Meta Platforms, the parent company of Facebook and Instagram, saw its revenue dip 4% year-over-year in the fourth quarter of 2022, marking the third consecutive quarter of decline. Despite ad impressions rising 23% YoY during this period, the average price per ad dropped 22%. Despite this, Facebook reported 2 billion daily active users in Q4, which CEO Mark Zuckerberg attributed to advancements in AI and the short-form Reels format.
In 2023, the focus at Meta will be efficiency as the company aims to create a leaner organization. Meta’s total expenses for 2023 are forecasted to be between $89 billion to $95 billion, which is lower than previous projections. The company’s stock performance improved in premarket trading after it announced share buybacks totaling $40 billion.
Reels, a short-form video format similar to TikTok, remains a focus area for Meta, with 40% of Meta advertisers using it across its apps. However, Reels are not yet as monetized as other areas of Meta’s business, meaning higher engagement could result in lower revenue. Zuckerberg expects Reels to be in a revenue-neutral place by the end of 2023 or early next year.
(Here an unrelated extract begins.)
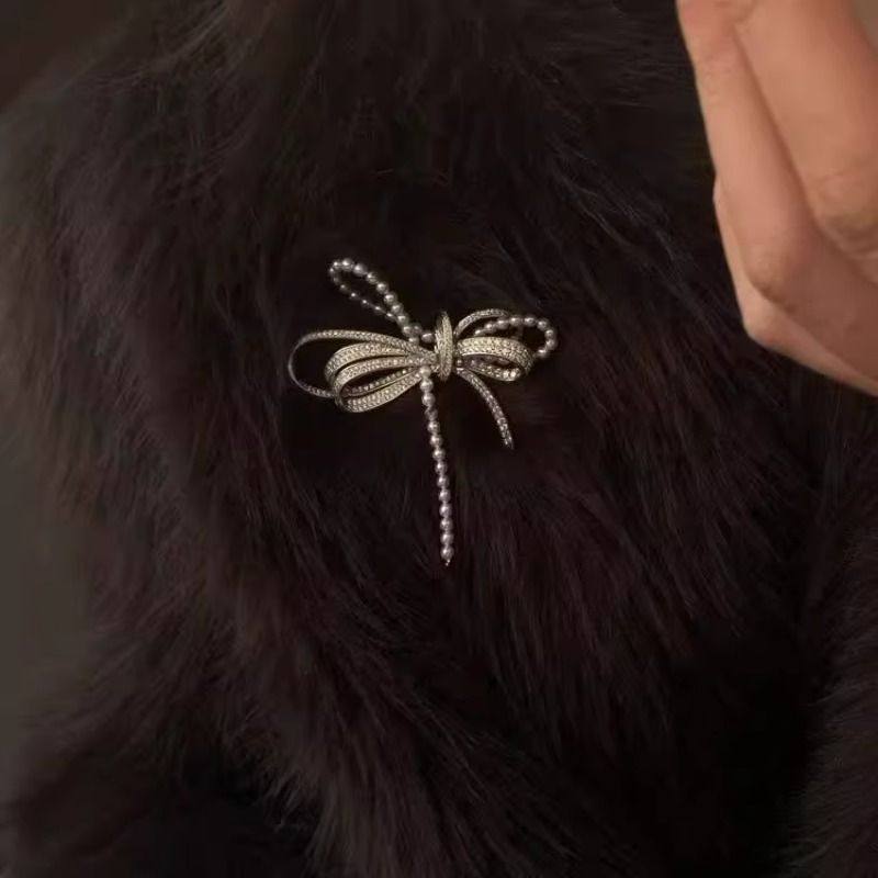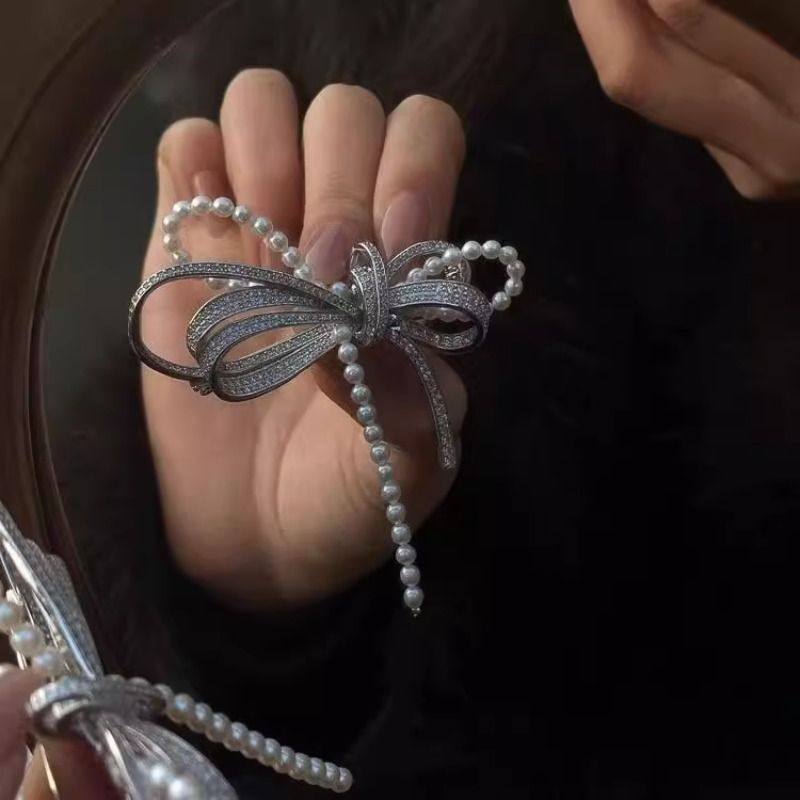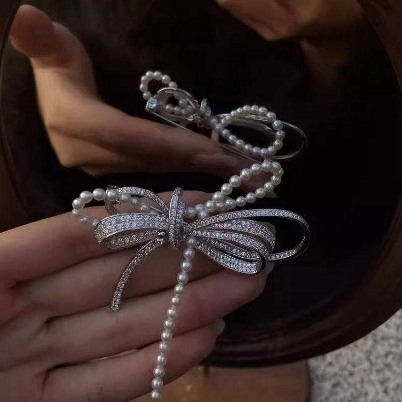 超重工!法式复古优雅珍珠闪钻蝴蝶结胸针高端大气个性衣服配饰女

Meta is betting on AI to boost its ad operations and counteract the impact of changes to Apple’s iOS that make targeting and measuring mobile campaigns more challenging. In Q4, advertisers saw a 20% increase in conversions compared to the previous year, which Zuckerberg attributed to AI advancements. This, along with a lower cost per acquisition, resulted in a higher return on ad spend.
The company’s long-term ambitions are focused on the metaverse, a blend of physical and digital experiences. Reality Labs, the Meta division responsible for developing its metaverse products, recorded a $4.3 billion operating loss in Q4, raising questions from investors about the mainstream appeal of this experimental space.